(MATERIAL SHOWN):

┄┄┄┄┄┄┄┄┄┄

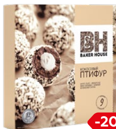
Пирожное ПТИФУР кососовый крем, 225 г
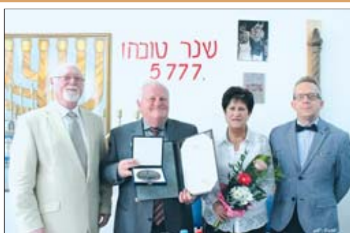
■ A hagyományokhoz híven a zsidó újév alkalmából ismét átdadták a zalaegerszegi hitközség és a „Remény” Közalapítvány által létrehozott „Másokért” emléktáblát.

Decemberben pedig a tavalyi évben is nagy sikerek örvendő
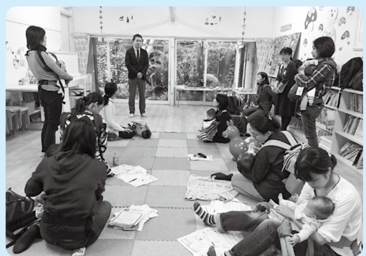
▲実際の様子を見て疑問を解決できます
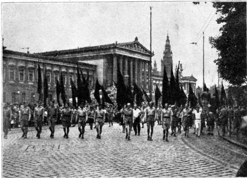
Slika z otroškega sprevoda ob priliki dunajske olimpijade

Ta politični kabaret si je ustanovila soc. igralska skupina v I. okraju. Igrajo delavci, nameščenci in študentje. V tem političnem kabaretu vidiš ves političen razvoj in do srca se nasmeješ. Kabaret se je že tako prikupil, da na cesti slišiš
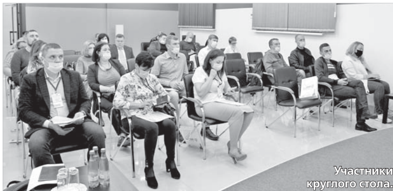
Участники круглого стола.

Одна из самых актуальных услуг центра поддержки экспортно-ориентированных субъектов малого и среднего предпринимательства в Ставропольском крае — размещение на международных торговых площадках. В настоящий момент их несколько, в том числе Alibaba, Amazon, eBay и Europages. Чтобы попасть на них, необходимо пройти анкетирование, в ходе которого будут даны четкие рекомендации. Если под условия предприятия или организации лучше подойдет какая-либо другая электронная пло-
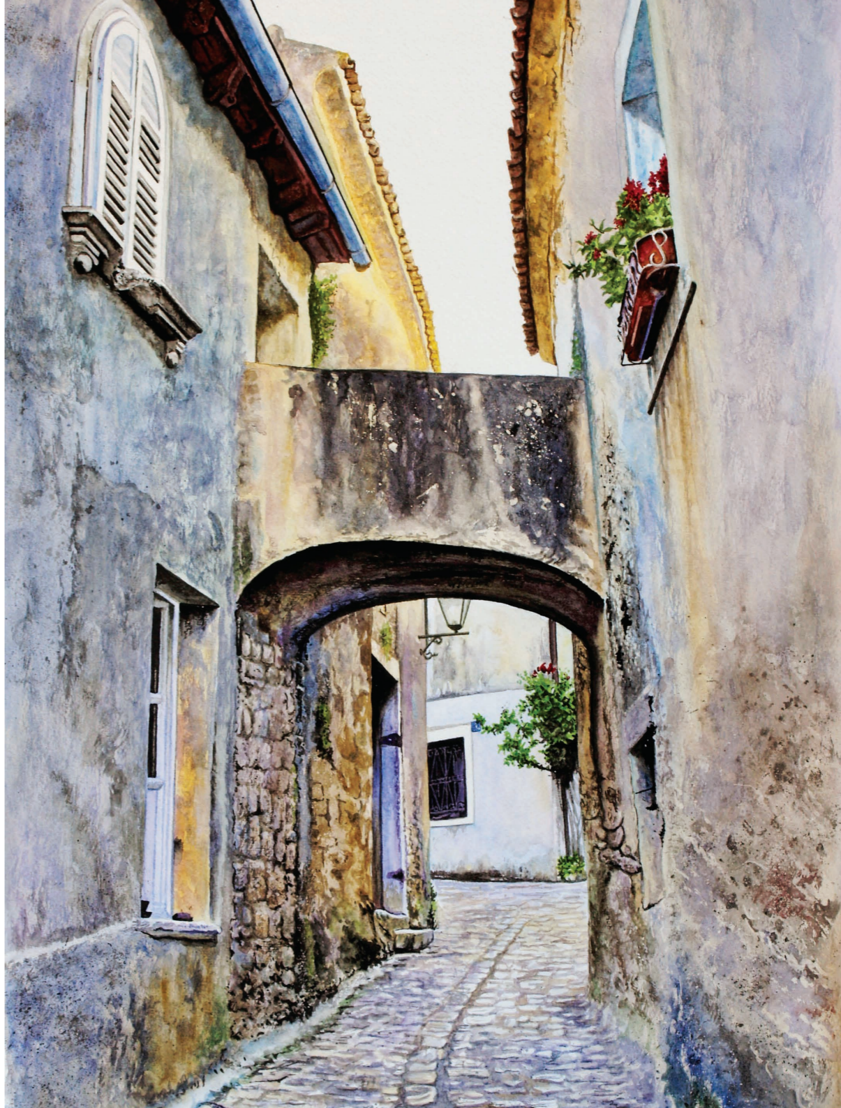
Ulica // akvarel

┄┄┄┄┄┄┄┄┄┄

(REQUIRED WORK): Omit any images, then output the listing exactly.

(YOUR SOLUTION):
Пирожное ПТИФУР кососовый крем, 225 г
■ A hagyományokhoz híven a zsidó újév alkalmából ismét átdadták a zalaegerszegi hitközség és a „Remény” Közalapítvány által létrehozott „Másokért” emléktáblát.

Decemberben pedig a tavalyi évben is nagy sikerek örvendő
▲実際の様子を見て疑問を解決できます
Slika z otroškega sprevoda ob priliki dunajske olimpijade

Ta politični kabaret si je ustanovila soc. igralska skupina v I. okraju. Igrajo delavci, nameščenci in študentje. V tem političnem kabaretu vidiš ves političen razvoj in do srca se nasmeješ. Kabaret se je že tako prikupil, da na cesti slišiš
Участники круглого стола.

Одна из самых актуальных услуг центра поддержки экспортно-ориентированных субъектов малого и среднего предпринимательства в Ставропольском крае — размещение на международных торговых площадках. В настоящий момент их несколько, в том числе Alibaba, Amazon, eBay и Europages. Чтобы попасть на них, необходимо пройти анкетирование, в ходе которого будут даны четкие рекомендации. Если под условия предприятия или организации лучше подойдет какая-либо другая электронная пло-
Ulica // akvarel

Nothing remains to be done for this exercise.